I think back on that night in the woods with Susie. I find my mind wandering back to her a lot at the moment. It's like she's died and I'm having some kind of wake for her, and I know that's wrong but I can't help it.
How old would we been? Seventeen? I think that's when we started dating.
Blindfolded and dumped into the woods. Tent, compass, food... Not so unlike this.
It had been Susie who'd snuck the flask into her pack. It wasn't for me; I'd been provided needles to poke into my skin to 'keep me healthy'.
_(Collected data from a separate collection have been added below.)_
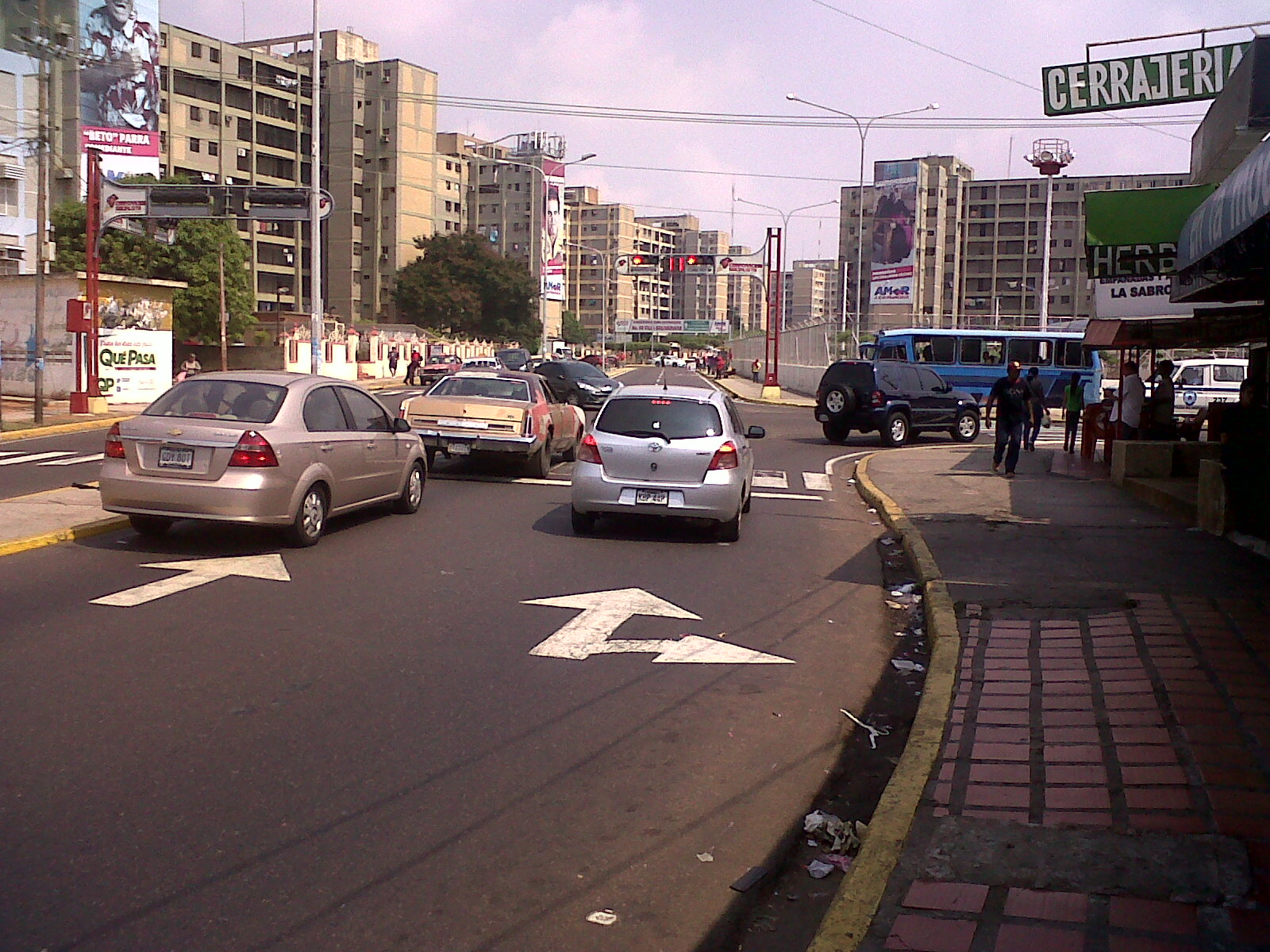 avenue
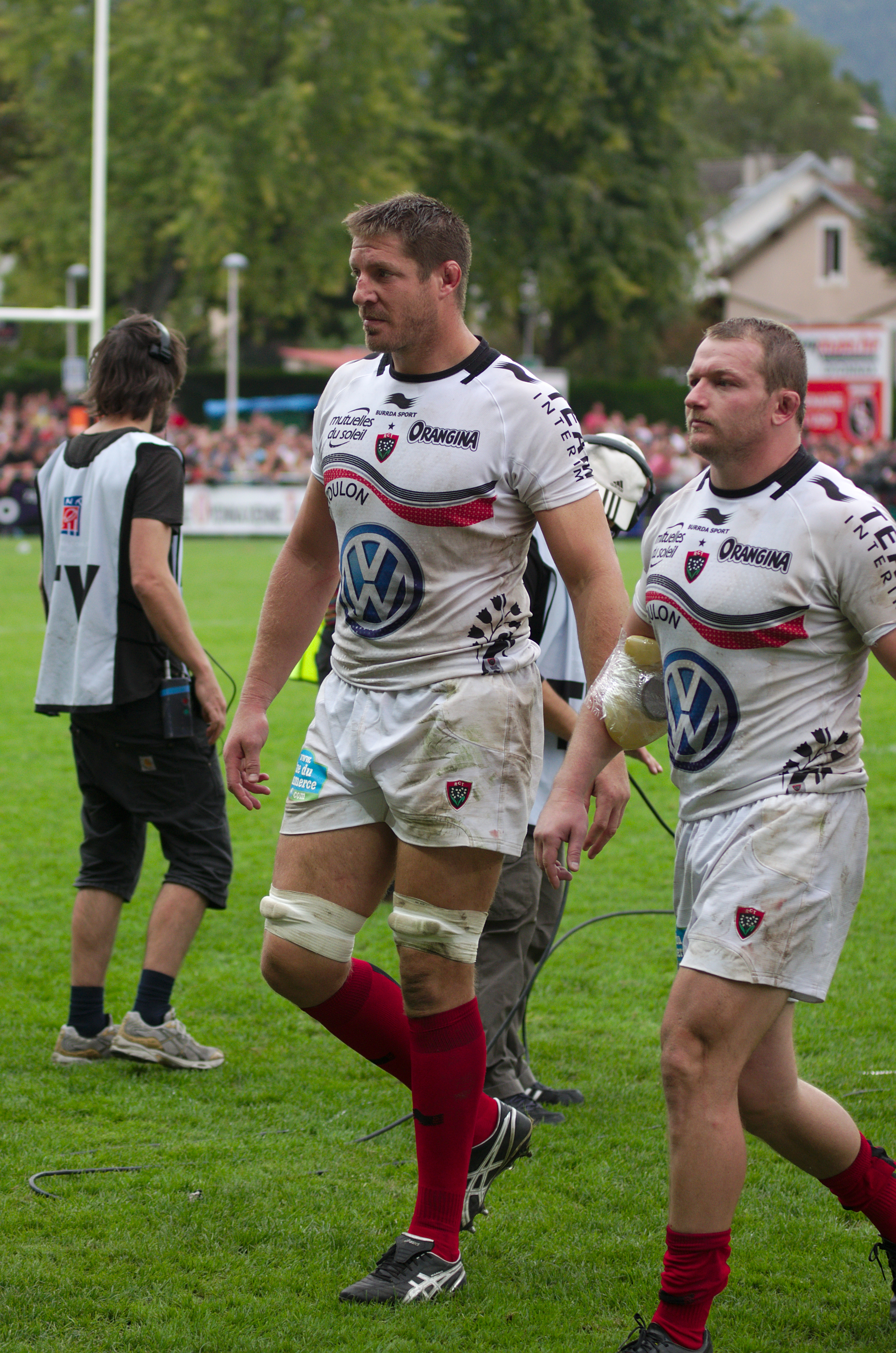 USO - RCT - 28-09-2013 - Stade Mathon - John Philip Botha et Benjamin Noirot
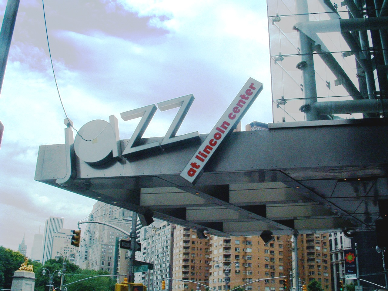 Looking southeast at the sign outside Jazz at Lincoln Center, New York City, NY.
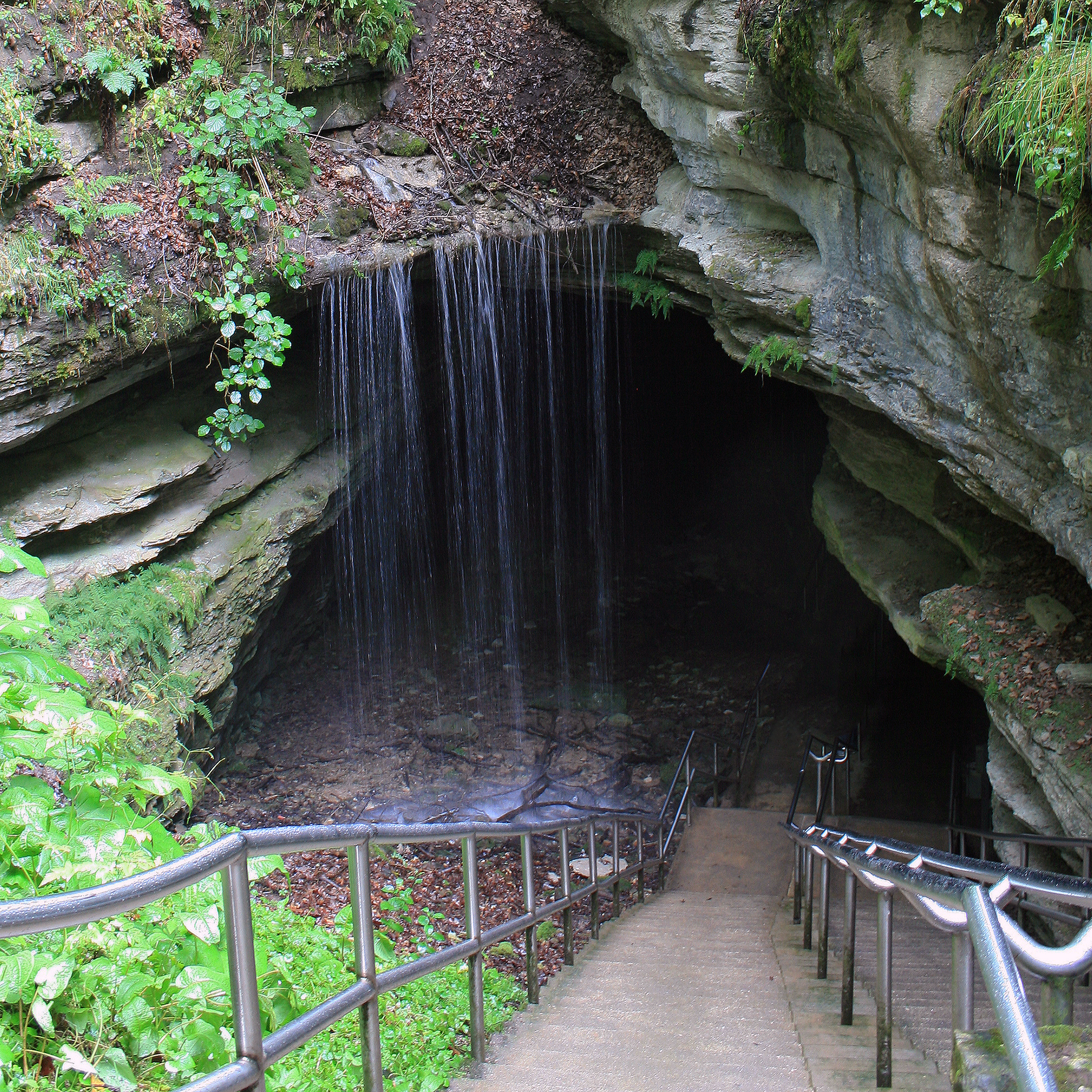 "The Historic Entrance to Mammoth Cave is a natural opening that has been used by people for 5,000 years."
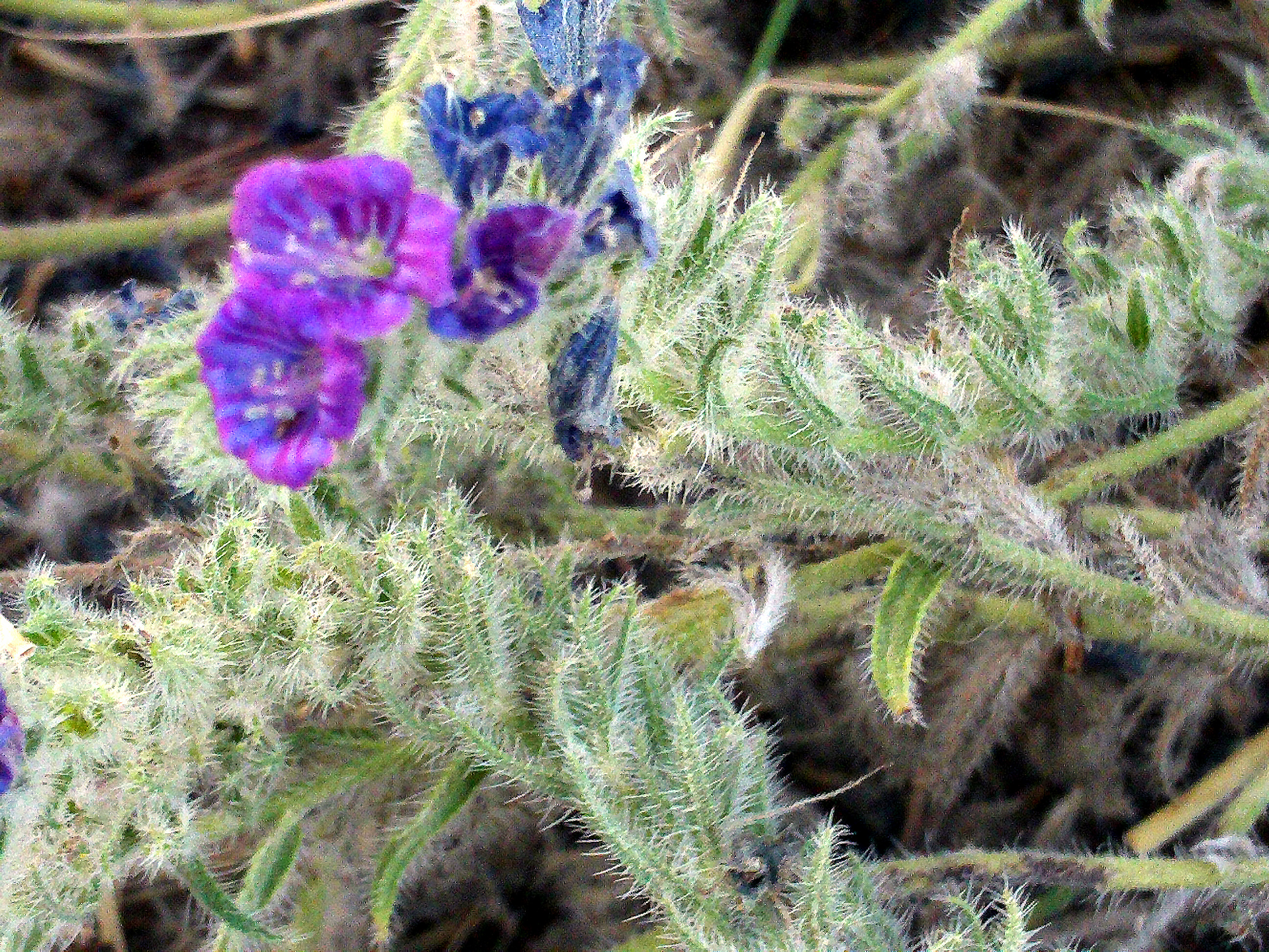 Echium sabulicola Close up in Parque Natural de las Lagunas de La Mata y Torrevieja Spain
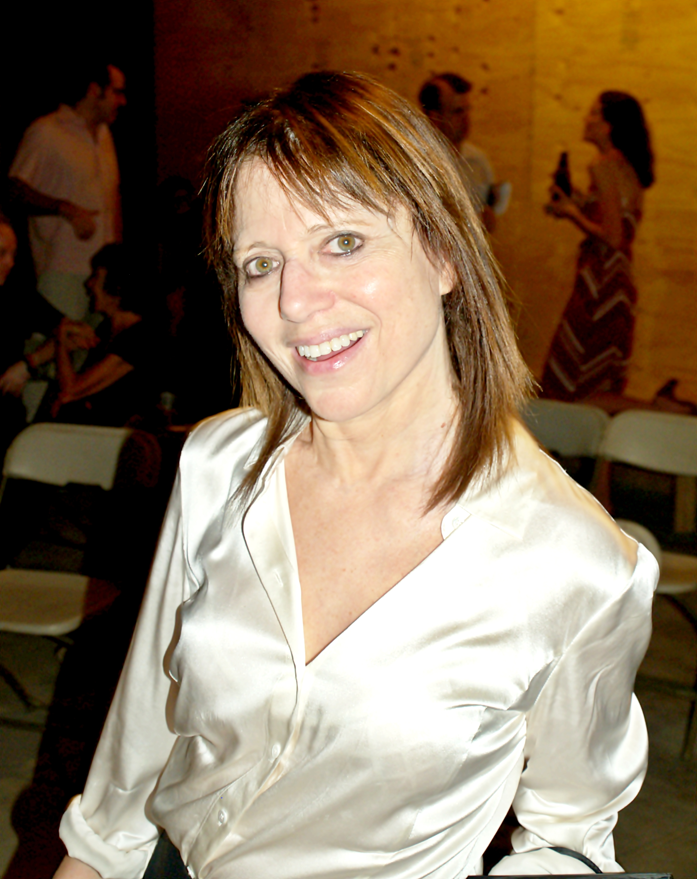 Judy Rifka at the 2010 launch of John Reed's Tales of Woe, published by MTV Books.
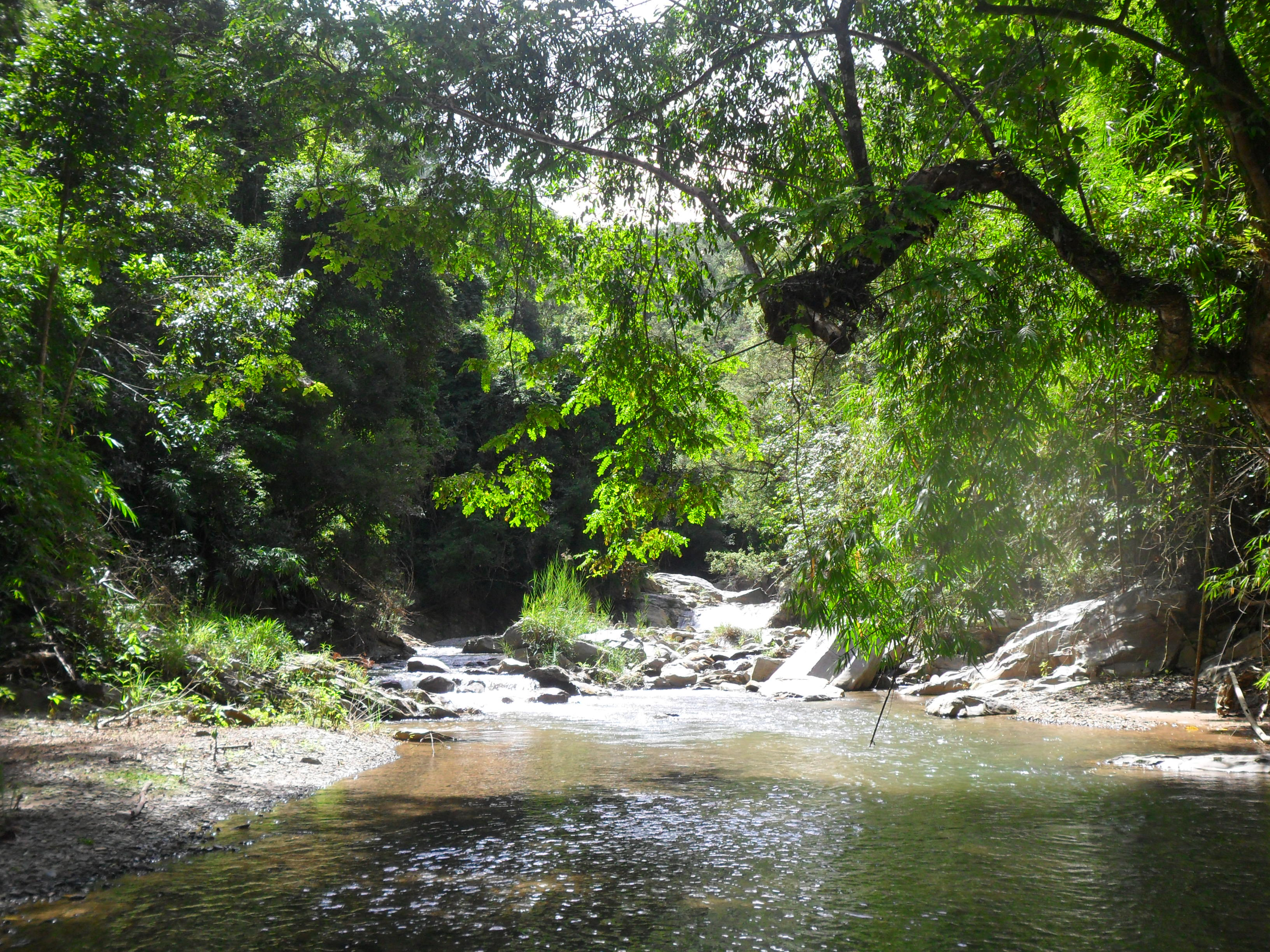 A stream at the valley, among the forest in Đăk Glei, Kon Tum Province, Vietnam.

I'd almost snapped at her, as she'd walked south when we needed to go west.
"Sue, you even looking at the fucking map?"
"No." She's turned around, her back to me as she walks away, so I can't see the grin she's hiding.
"Then why are you pretending to look at it? Come on, it's this way."
"There's something over here I want to show you."
I just want to get back to base first. Show them that I'm not some poison injecting freak show who happens to be Storm Born, but someone who deserves their place on the team.
I cared, back then, what people thought. So I'm fairly fired up by the time I reach her.
Then her wrap around me and her lips close in and all I can think to say is, "Are you wearing perfume? For a mission? Why would you--"
"It's just a practice mission," she says, a bit salacious, as she leans in and kisses me, and I feel the warmth of the world on my tongue.
She tastes of vodka and sugar.
The electricity on my skin in that moment was a different feeling altogether to what this fog is sending through me.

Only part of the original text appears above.